REQUIRED WORK
The whole listing below is to be copied exactly, with every picture left out.

PROVIDED MATERIAL
======

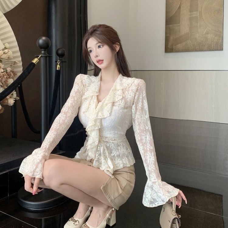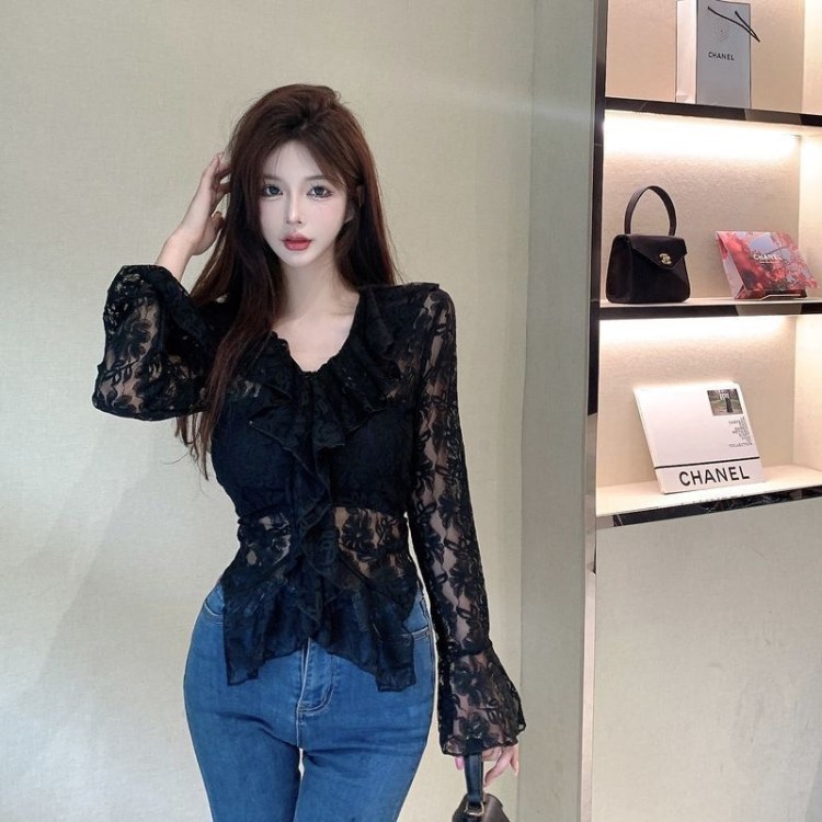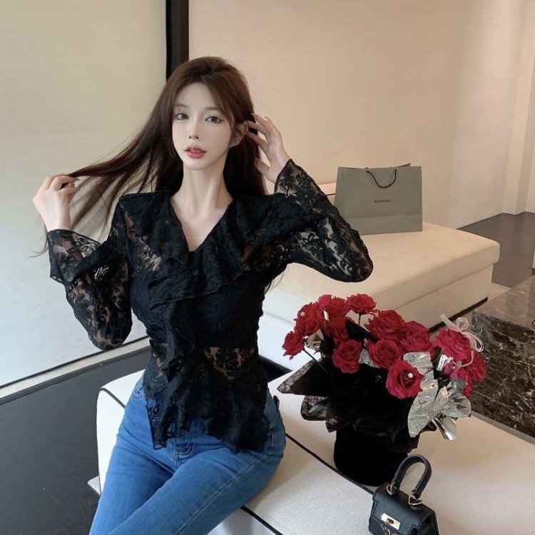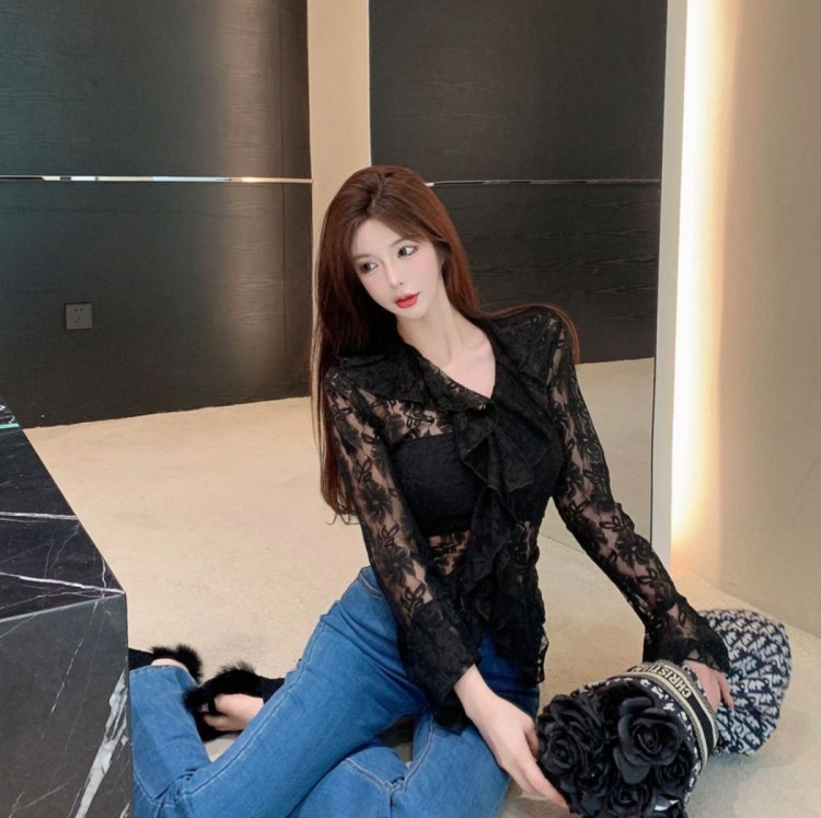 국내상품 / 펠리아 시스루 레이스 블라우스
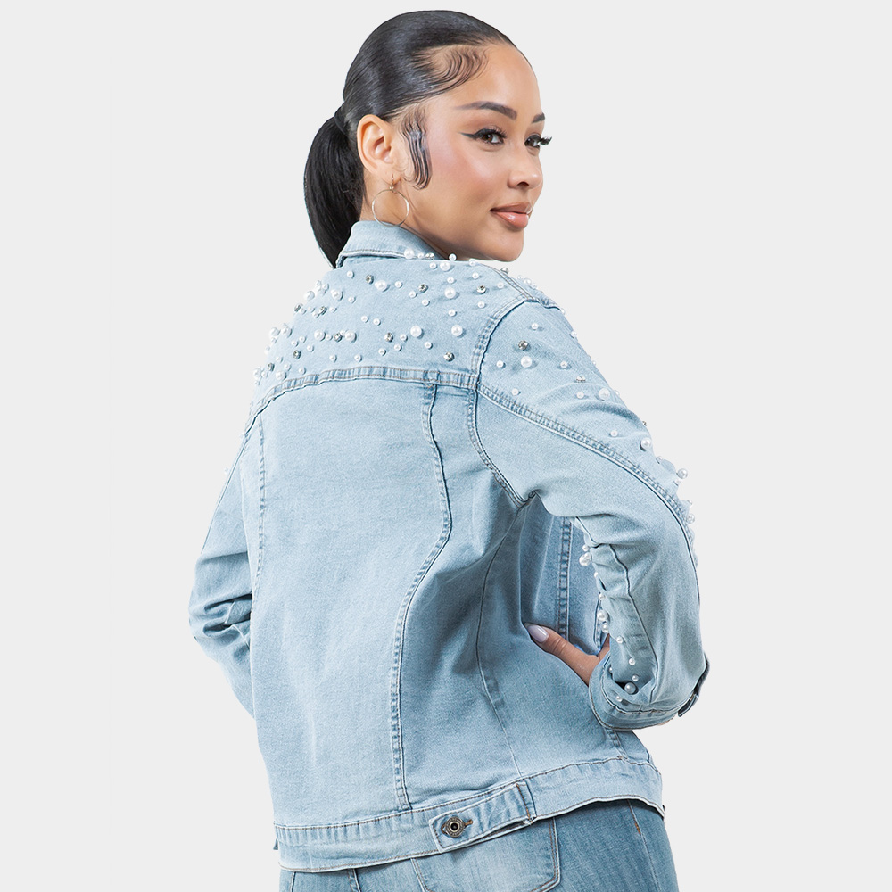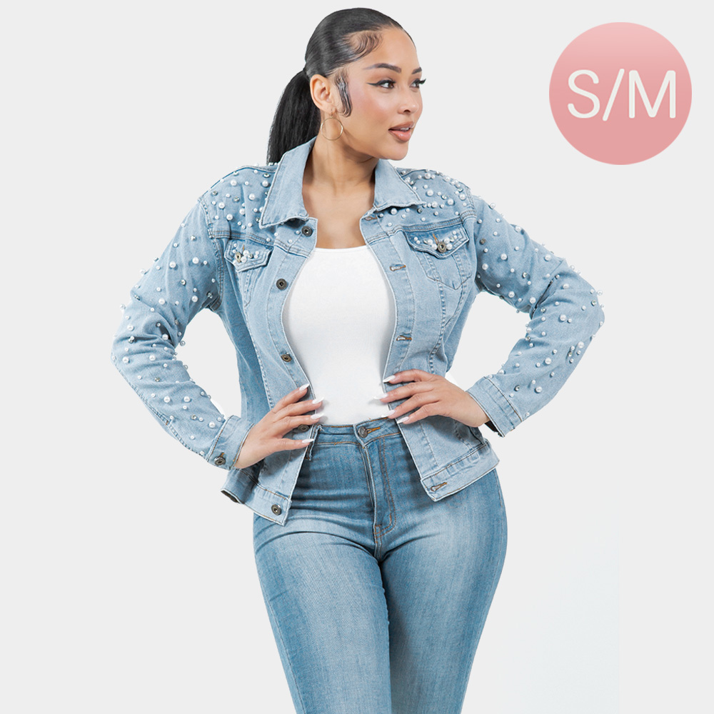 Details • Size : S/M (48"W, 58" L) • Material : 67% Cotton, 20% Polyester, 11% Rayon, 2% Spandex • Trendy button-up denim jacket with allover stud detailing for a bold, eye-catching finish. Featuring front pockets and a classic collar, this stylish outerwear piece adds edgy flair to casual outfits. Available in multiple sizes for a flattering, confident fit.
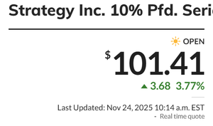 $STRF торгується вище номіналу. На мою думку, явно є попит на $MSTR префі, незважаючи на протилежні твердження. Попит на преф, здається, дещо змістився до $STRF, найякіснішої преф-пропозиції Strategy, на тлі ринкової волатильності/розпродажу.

======

ANSWER TO THE EXERCISE
 국내상품 / 펠리아 시스루 레이스 블라우스
 Details • Size : S/M (48"W, 58" L) • Material : 67% Cotton, 20% Polyester, 11% Rayon, 2% Spandex • Trendy button-up denim jacket with allover stud detailing for a bold, eye-catching finish. Featuring front pockets and a classic collar, this stylish outerwear piece adds edgy flair to casual outfits. Available in multiple sizes for a flattering, confident fit.
 $STRF торгується вище номіналу. На мою думку, явно є попит на $MSTR префі, незважаючи на протилежні твердження. Попит на преф, здається, дещо змістився до $STRF, найякіснішої преф-пропозиції Strategy, на тлі ринкової волатильності/розпродажу.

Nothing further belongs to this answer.